The Searchers: The End of the Classic Western

        The Searchers (1956) is a western directed by John Ford and starring John Wayne as returning Civil War verteran Ethan Edwards. Soon after his return and with word of Comanche raiders, his families homestead is burnt to the ground and his family killed with only one eventual survivor in his niece Debbie (Natalie Wood). As the title implies Ethan and the only other member Martin (Jeffery Hunter) search for 5 long years after the Comanche known as Scar (Henry Brandon) to see if they can get Debbie back.

This isn’t the first John Ford movie I’ve watched for a class, that distinction belongs to his adaptation of the John Steinbeck (a lot of John’s in this blog) book The Grapes of Wrath (1940) starring Henry Fonda. I won’t wax poetic about the racism of this picture. Both Ford and Wayne were racist, the portrayal of the Comanche is racist, Much of the western genre pioneered by Ford and Wayne is very much has racist views and is a reason why westerns like this will never be made and why the simple morality plays that many of the westerns are gave way to the more nuanced and dark spaghetti westerns os the 60’s and 70’s. But just because John Ford is racist, that doesn't make him a complete idiot.

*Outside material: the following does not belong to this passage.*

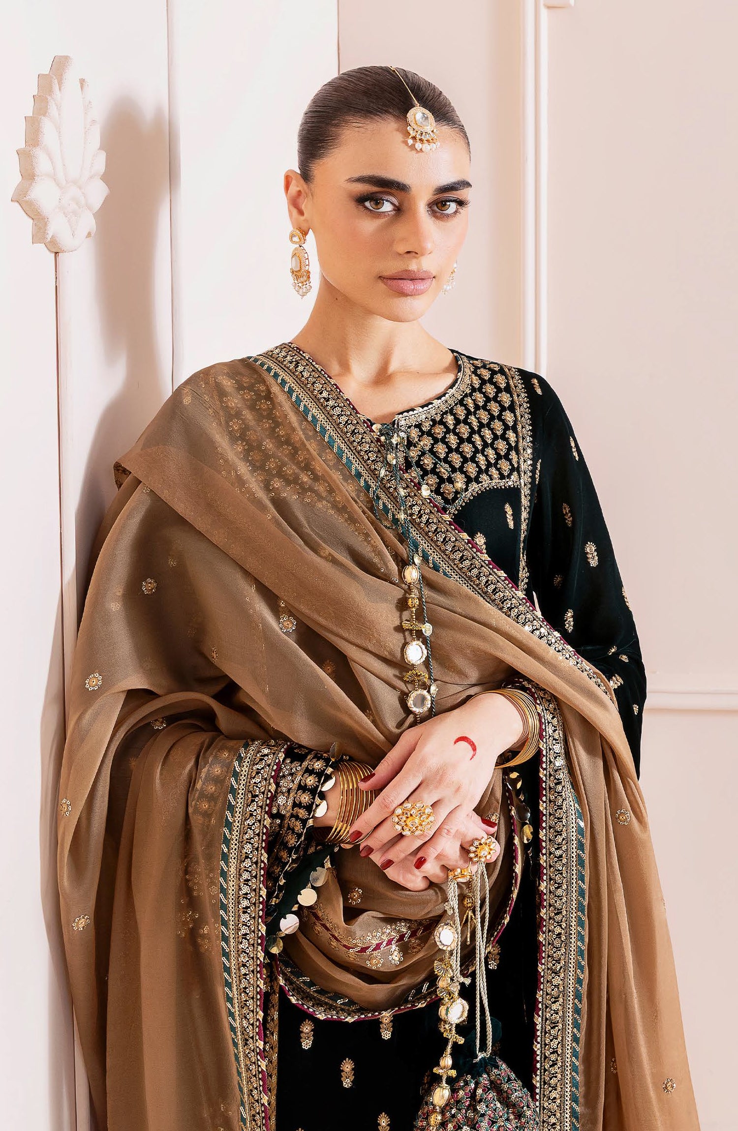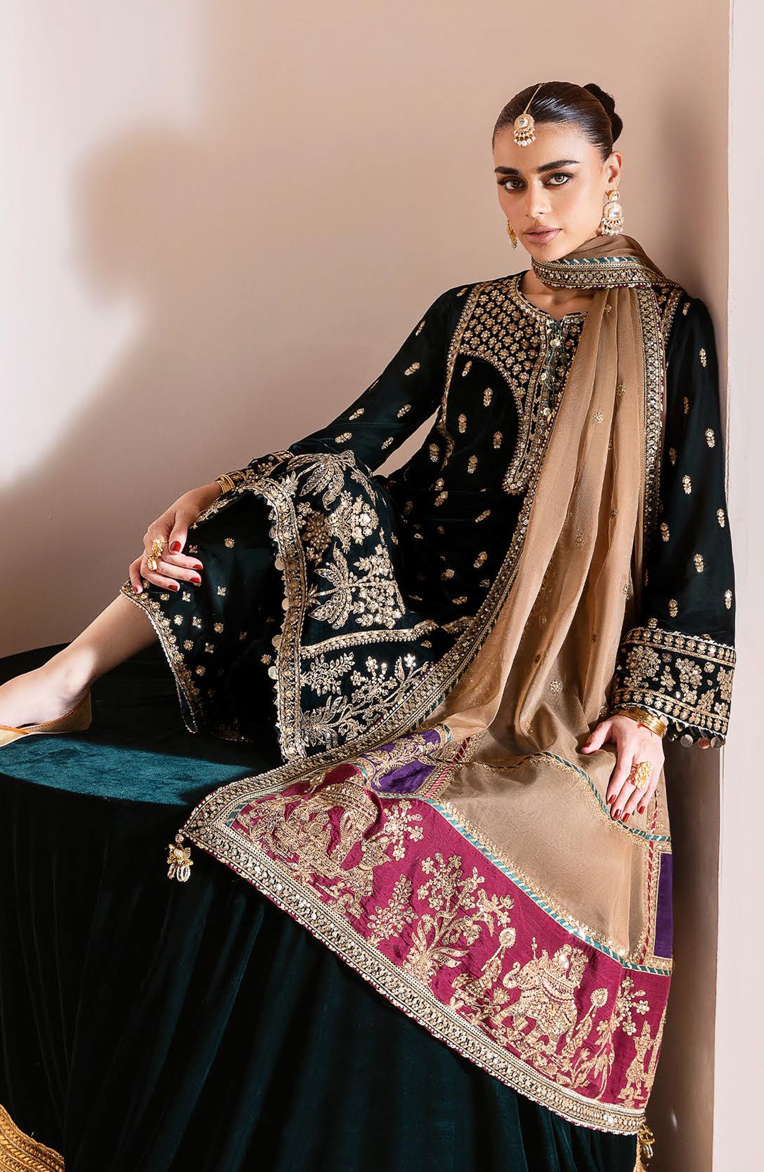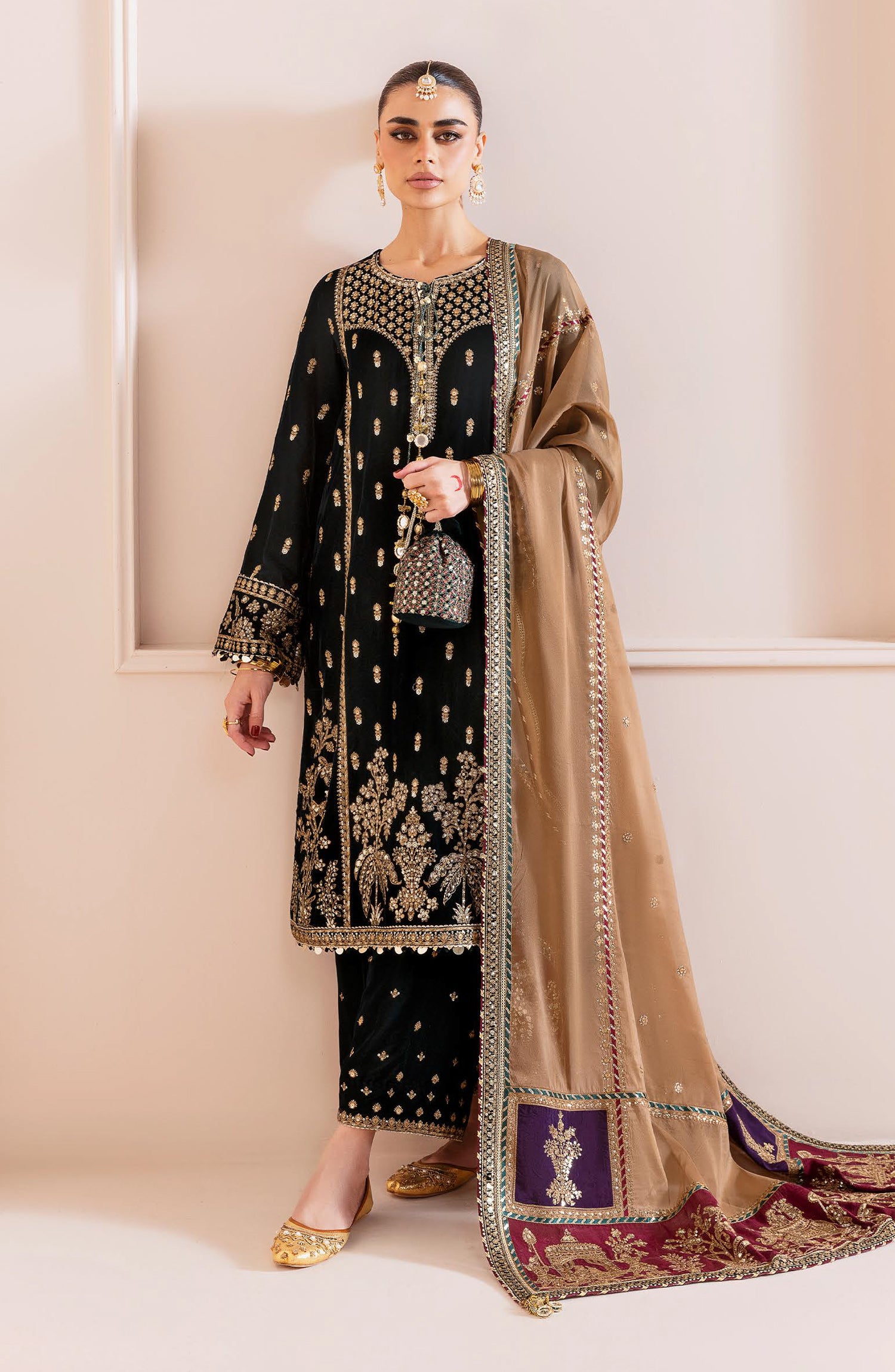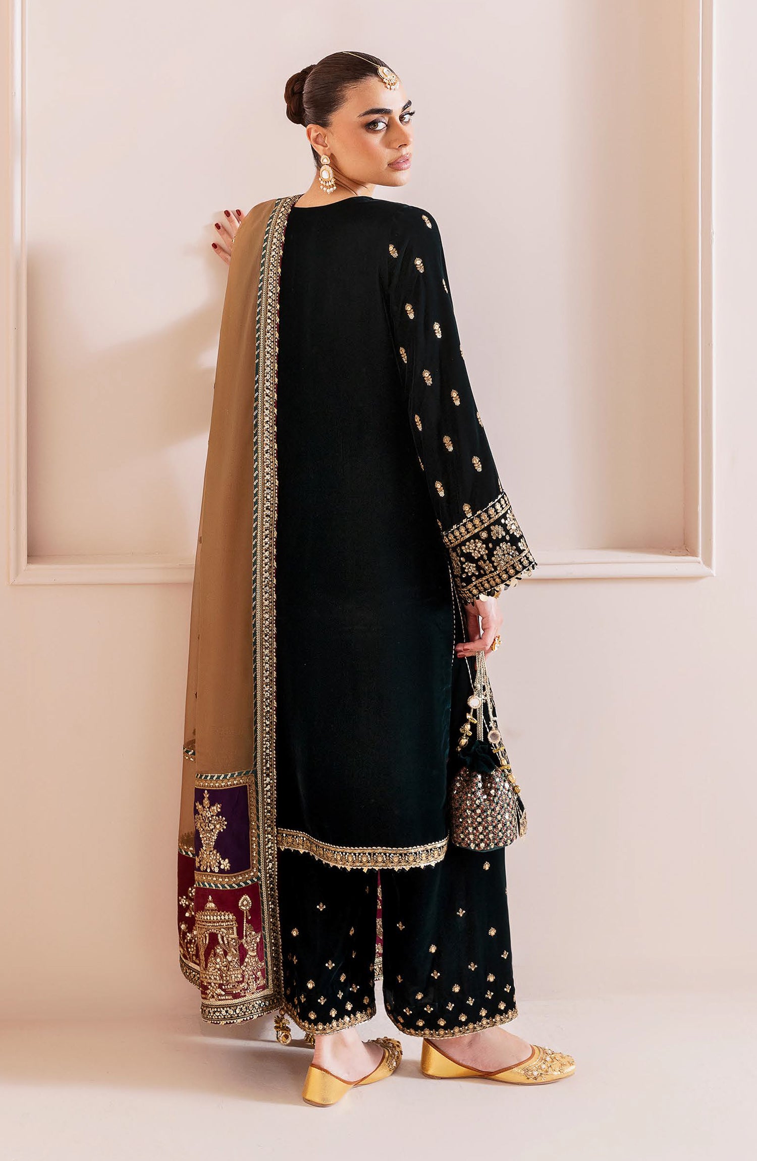 Embroidered Pure Velvet Front, Back & Sleeves Borders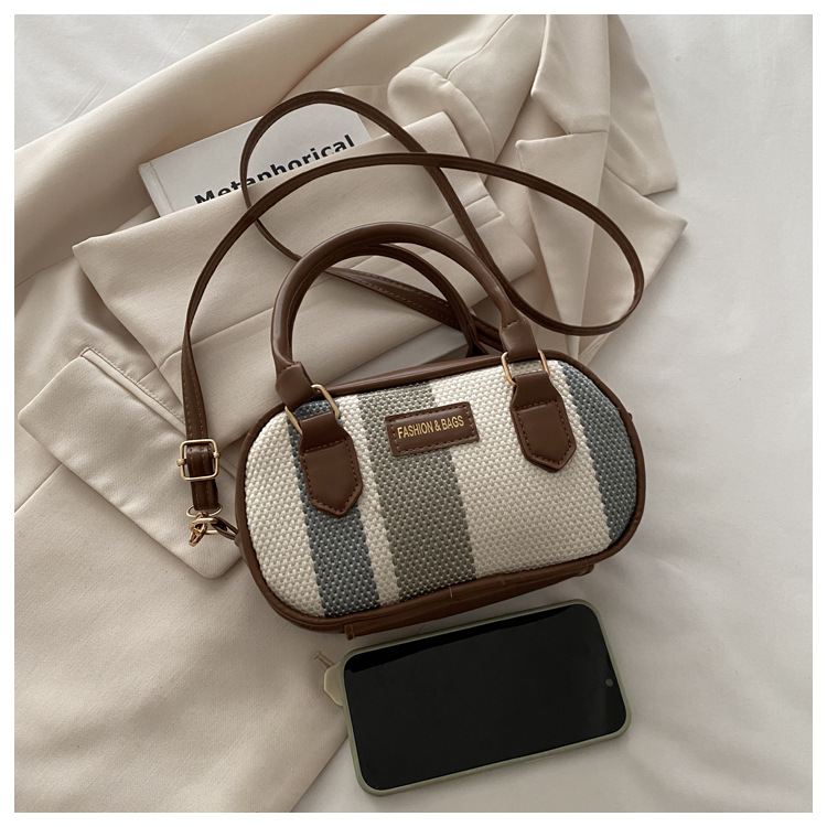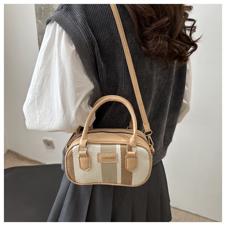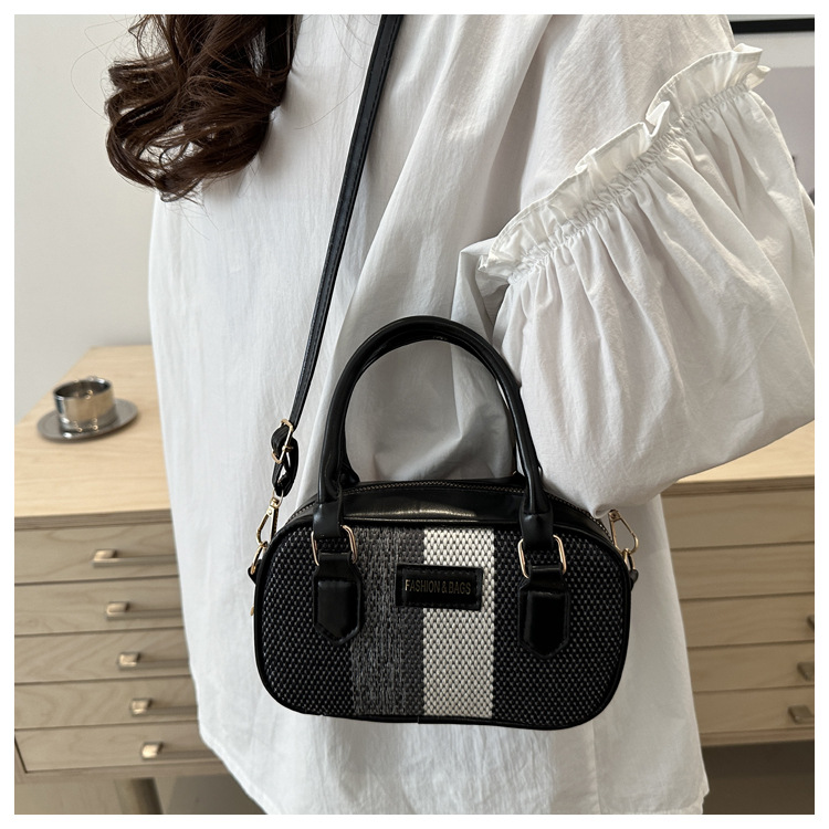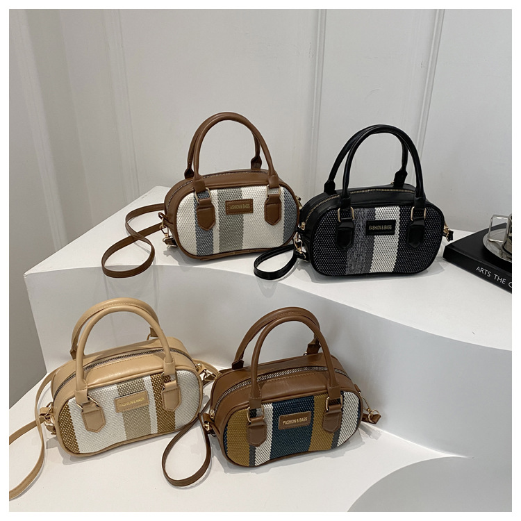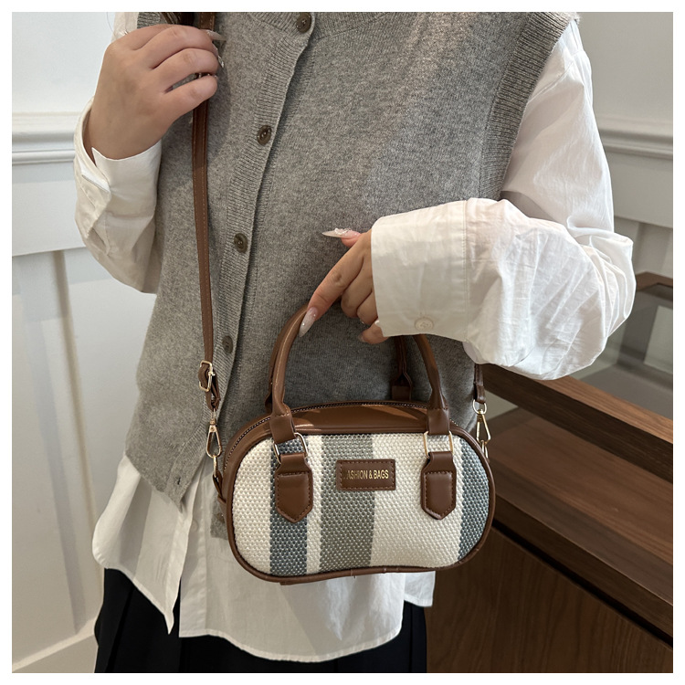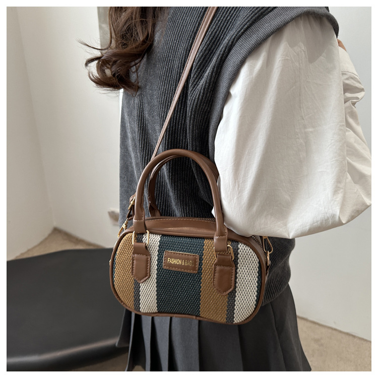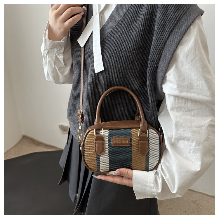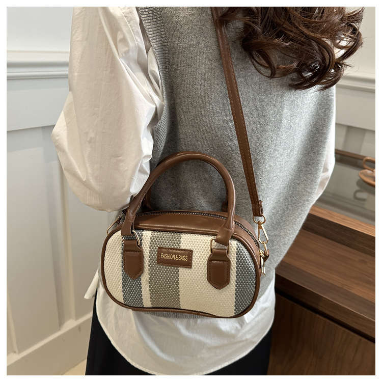 질감 레트로 스트라이프 콘트라스트 컬러 휴대용 2025 새로운 간단한 유행 보스턴 어깨 크로스 바디 백

The Searchers is known for being probably the best shot of all of John Ford’s westerns. However two moments stick out, the first and last shot of the movie. The beginning starts in the dark with the door of a house opening, we see the outside is a frame within a frame and we follow Aunt Martha (Dorothy Jordan) outside to greet Ethan returning home, the Edwards family all comes out to see, all facing to the left. The final shot is similar but in reverse, the Jorgensen Family all on the porch this time looking to the right to an approaching Ethan with Debbie. The family goes inside and we get a frame within a frame of the door as the inside is dark and all we see is outside and with Ethan in the middle, and as he walks off the door closes. We end the movie the same way we started, We get the message through framing that the journey and the search is over, literal closure with the door. All that’s left is Ethan left to wander as he’s left with only himself.

I forget where, and sadly can’t find the video where I saw it, but the end shot can also be taken as the end of the John Ford/John Wayne style western. The Searchers is one of the last prominent westerns that are typical good guy John Wayne fighting Indians in the old west. The last shot of an older John Wayne walking towards the horizon with a solemn song playing and with again the door closing, almost like the end of a book in the story that is the Western. But if the classic western has to die in order for the spaghetti westerns to live, then that’s a trade I’m willing to make.

A side note, I noticed that Ethan wears a black hat throughout the movie. White hat and black hatted characters being shorthand for who’s a good guy and who’s bad.





How to see | Westerns: Is the Genre Dead? https://www.youtube.com/watch?v=TOeMHxBgShs 

Beginning Scene: https://www.youtube.com/watch?v=5_j3NrcDiS4 

End scene: https://www.youtube.com/watch?v=KvfIsbhIQLA  

Comments

  1. I think your points about this film being a turning point in the genre are very apt. you can definitely see where the advent of spaghetti westerns deviate from the genre, leaning more on the characterization and less on the conflicts with the indigenous. I too am glad to see this pave the way instead of resurging nowadays.